L'octroi de crédit commence à se déplacer dans le nuage.

Benno Weber, Responsable obligations

Bill Gates l'a dit il y a plus de 20 ans :

„Banking is necessary, banks are not."

Benno Weber, Responsable obligations

Le carburant indispensable

Quand on veut posséder plus que ses moyens ne le permettent, on s’endette. Voilà qui peut désespérer les moralistes, mais sans la hausse de l’endettement macroéconomique total, le moteur économique tousserait. La crise financière de 2008 nous l’a bien montré : les capitaux de tiers sont le carburant indispensable de l’économie libérale de marché. Sans crédits, pas d’investissements, pas de croissance et pas de prospérité.
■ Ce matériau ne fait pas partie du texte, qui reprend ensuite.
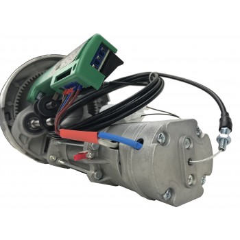 Se suministra con casquillo adaptador para ejes de 48 mm, expansor adaptador para poleas de 220 mm, sistema de desbloqueo interno del motor, cable eléctrico de conexión del motor y manual de instrucciones.

Le numérique ne change rien à cette vérité. Mais il crée de nouvelles possibilités permettant aux liquidités des épargnants de trouver leur chemin vers les débiteurs.

La voie traditionelle

La voie traditionnelle passe une banque et ressort de son bilan. La mission première d’une banque est de recueillir les liquidités sous forme de dépôts pour les déverser dans le circuit économique sous forme de prêts. Ce faisant, la banque assume trois fonctions importantes :

  • d’abord, elle assure la transformation des délais des dépôts liquides en prêts illiquides ;
  • ensuite, elle sert d’intermédiaire entre l’offre et la demande de capitaux de tiers ;
  • enfin, elle garantit une évaluation du risque de crédit et une prime de risque de crédit correspondante adaptée au risque.

La voie alternative

L’autre solution passe par les placements à revenus fixes. Ce terme désigne en premier lieu les obligations traditionnelles. Il s’agit dans ce cas de grands crédits qui sont faciles à placer et à négocier en raison de leur configuration sous forme de titres. Le marché obligataire assume ainsi des fonctions similaires à celles d’une banque, notamment la combinaison entre l’offre (investisseurs) et la demande (preneurs de crédit) et la fixation de la prime de risque de crédit. Le marché obligataire ne réussit pas à modifier les délais à propre proprement parler, mais donne quand même aux investisseurs la possibilité d’aliéner leurs titres à tout moment.

La troisième voie – la dette dans les nuages

De nombreuses innovations fintech de ces dernières années ont désormais créé une troisième voie pour l’octroi de crédits : la désintermédiation numérique. Dans cette forme, les épargnants accordent leurs crédits directement aux débiteurs. Cela se fait sur des plateformes en ligne dans le nuage (cloud). L’accent porte encore plutôt sur les crédits relativement limités. Le volume de ces crédits a connu une véritable explosion ces dernières années à l’échelle mondiale.

Les banque von pas céder le terrain sans se battre

La désintermédiation numérique connaît une évolution extrêmement dynamique, et il est possible qu’elle bouleverse de fond en comble la classe des placements à revenus fixes ces 10 à 20 prochaines années. Mais dans un avenir proche, elle restera secondaire. En effet, les banques et les titres moteurs du marché obligataire ne vont pas céder le terrain à cet intrus sans se battre. Dans les deux canaux établis du mécanisme d’octroi de crédits, le numérique entraînera des gains d’efficacité qui relativiseront l’avantage des solutions purement en ligne sur le plan des coûts.